Fantasmagorilles - Saddamaleïkum Saddam
par Walther Pépéka

Dépot légal 2009.



Chapitre I

 

 

 

  San-Milton soupira. Le type ne voulait rien entendre… Il se dit qu’il allait falloir le guider par la main. Laquelle se trouve accrochée au bout de l’avant-bras, qui prolonge le bras, lui-même articulé à partir de l’épaule.

Cela faisait deux heures qu’il essayait de lui faire entendre raison. Mais l’homme résistait… Le gorille blond ne savait pas à quoi le gars se raccrochait. Peut-être à l’espoir que Saddam lui donnerait l’accolade pour avoir su garder son secret. Toucher le dictateur ! Sentir de tout près son délicat parfum de Gitane Maïs froide sans filtre ! Et, cerise sur le loukoum, il rêvait sûrement que le chef du monde captif lui ferait l’honneur d’un mot, rien que pour lui. Même à titre posthume, c’était une grâce qui valait son pesant de patacouèque !

San-Milton, en pensant à sa main, mourait d’envie de remettre en circulation une de ses fameuses baffes, qui pulvérisaient une tête en moins d’une seconde. Il se plut à comparer l’efficacité légendaire de sa célèbre taloche avec la non moins connue marque de rasoirs Gillette. Avec le Gillette G2, disait l’accroche publicitaire, « la première lame coupe le poil et le tire, la seconde peut le couper avant qu’il se rétracte ». Avec lui, on aurait pu dire : « le souffle de la claque étonne la tête et l’aspire, le choc l’explose avant qu’elle ait eu le temps de dire ouf ! ».

Cela faisait longtemps qu’il n’avait pas eu l’occasion de la tester à nouveau, et il se demandait s’il n’avait pas molli…

Pourtant, à le voir, personne n’aurait pu dire de lui qu’il s’était affaibli. Au contraire. C’était une véritable armoire landaise, entièrement bâtie en muscles de béton armé. Bouygues, en le croisant, l’aurait trouvé plus solide qu’une maison de maçon !

A l’école Jean-Jacques Oubien, chaperonnée par la C.I.A. qui formait les meilleurs agents solo et gardes du corps du monde, San Milton avait passé les derniers mois à faire, comme il le disait, du « body sculpting ».
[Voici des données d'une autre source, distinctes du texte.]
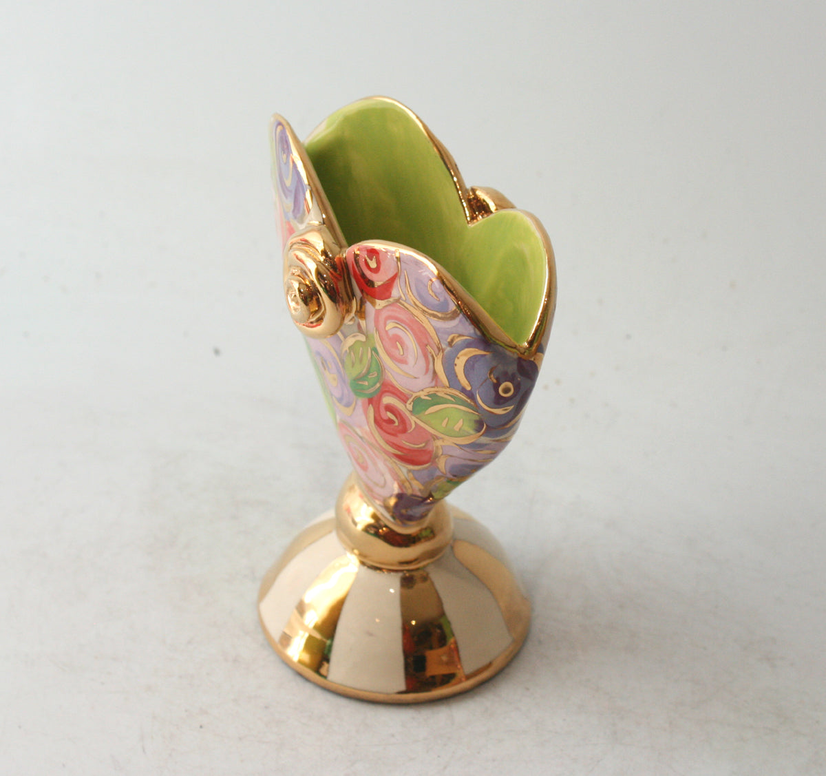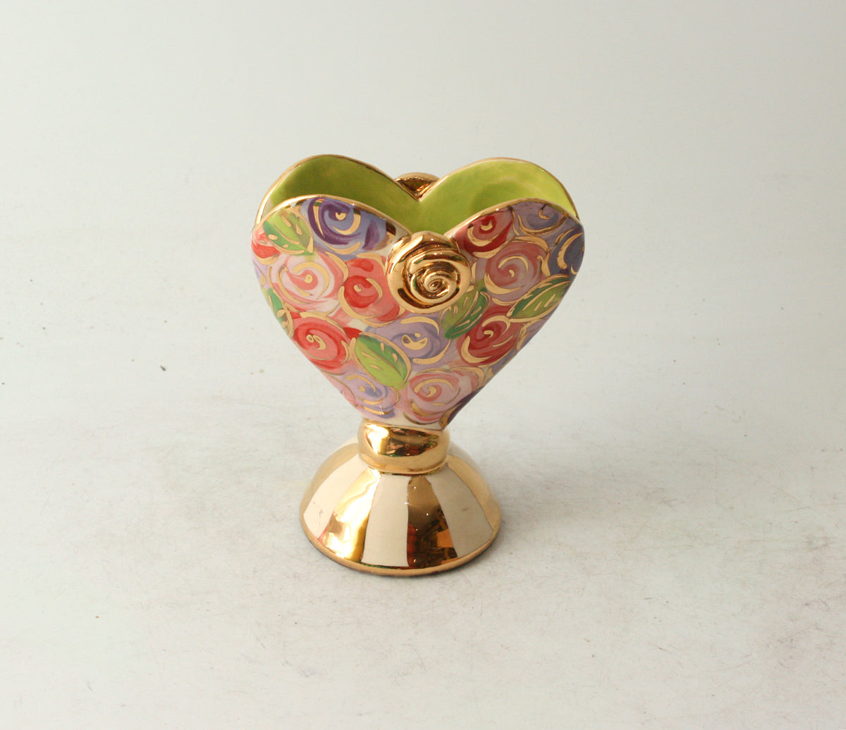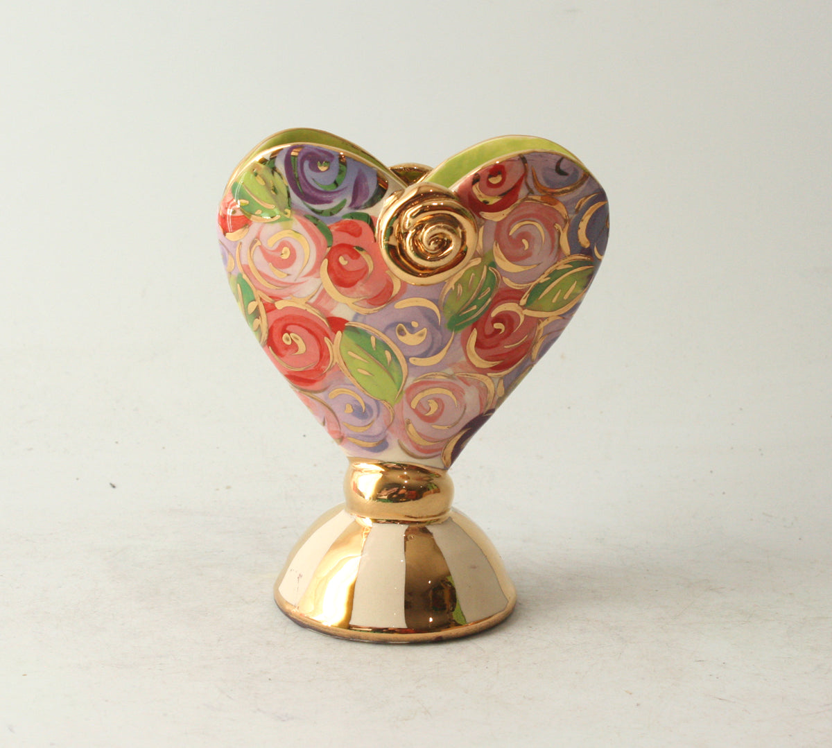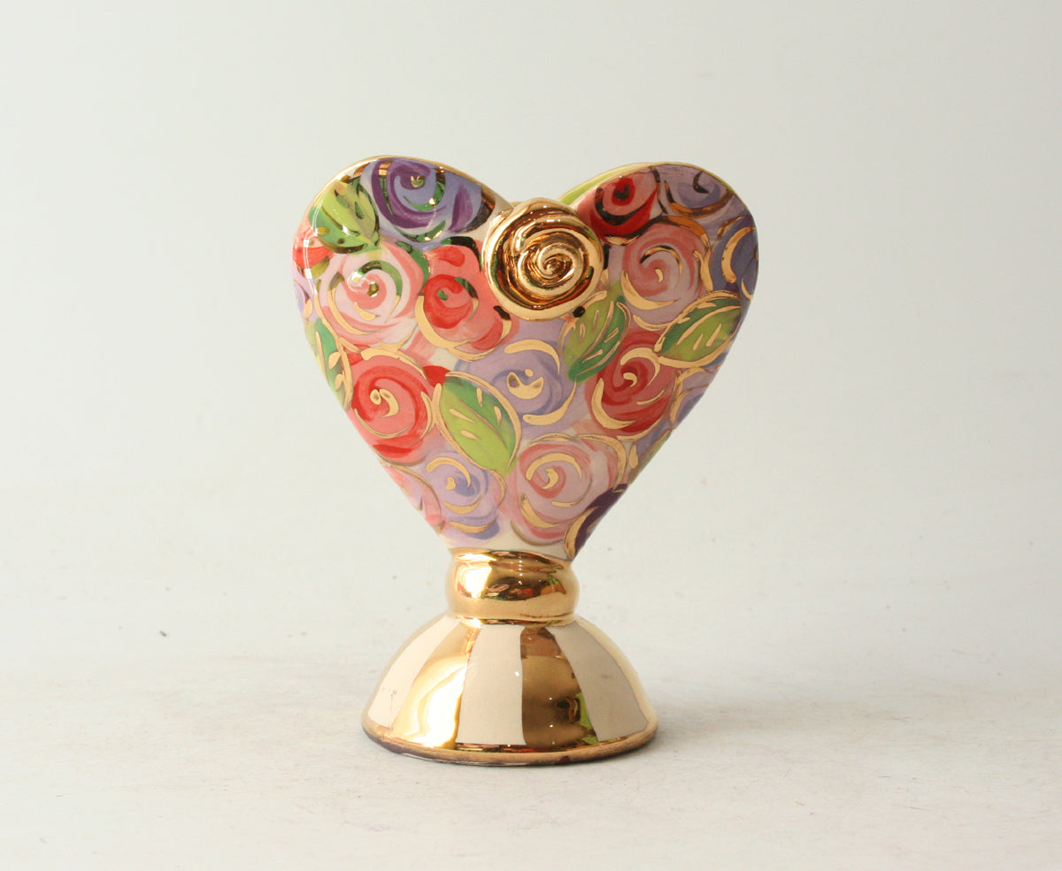 Mary Rose's Baby Heart Vases stand around 5 inches tall, and this one showcases the pretty "Pink Rosebush" design with accents of 24 carat gold and a matching gold and white striped base!

C’était facile de voir que ce pauvre mercenaire, en face de lui, qui devait toucher une solde de trois dinars par mois, ne savait même pas ce qu’était un appareil de muscu…

San-Milton alla se rafraîchir, se passant un peu d’eau au robinet callipyge de l’unique lavabo. Il faisait une chaleur terrible, sous le soleil brûlant de Rangoon. En Birmanie, on n’avait pas l’air de savoir ce qu’était un climatiseur Carrier…

Pendant ses ablutions, il tournait le dos à son « client ». Pas de soucis. L’autre était saucissonné sur son siège, et le gorille blond savait faire les nœuds.

Où était donc Crash ? Son éternel compère était parti faire un tour, sur les nerfs, après avoir essayé la méthode douce pendant deux jours. Alors, celui que son pote appelait familièrement Mimi avait pris le relais. Mais la balade de son ami brun se prolongeait…

San-Milton se frotta les joues, se regardant dans le miroir qui surplombait les sanitaires. Son menton était loin d’être aussi net que le jour où, avec Crash, ils avaient reçu de leur supérieur, le général Boll, les distinctions les plus prisées de l’école J.J.O.. Il revoyait son sourire béat, se reflétant dans les yeux noirs de Crash, lorsqu’ils s’étaient vu épingler sur la poitrine la médaille de Grand Officier de la légion d’Ovomaltine, avec double cordon et petite cuillère repliable en vermeil... Les deux copains bichaient ! Pour Crash, ç’avait été un moment inoubliable. Et pour San-Milton, un petit coup de Miror sur son orgueil.

Mais s’il n’arrivait pas à faire parler ce type, il repartirait de Birmanie avec un faux pli dans l’estime de soi.

Il se retourna vers son prisonnier.

- Tu ne sais vraiment pas où il est ? fit-t-il d’un ton tranquille.

En lui parlant de la météo, il aurait eu la même expression neutre. Le même regard suisse.

L’autre ne répondait toujours pas plus qu’une ligne France Télécom en panne.

San-Milton avait toujours été un homme poli. Il détestait laisser une question sans réponse ! Et encore plus qu’on ne lui réponde pas…

Il fallait l’impressionner. Il eut soudain une idée. Dans la salle de sport de la suite de l’hôtel Nikko Royal Lake Rangoon où les deux gorilles étaient descendus, et où ils avaient « invité » le mercenaire de Saddam, se trouvait un punching ball. Suspendu en l’air, au bout de son ressort. D’une de ses énormes mains, il saisit le dossier de la chaise où était assis l’homme, et la fit glisser sans effort jusqu’à la porte, donnant sur la salle de musculation. Le type eut un sursaut, malgré ses liens. C’était comme s’il avait pesé moins lourd qu’une varice de moineau !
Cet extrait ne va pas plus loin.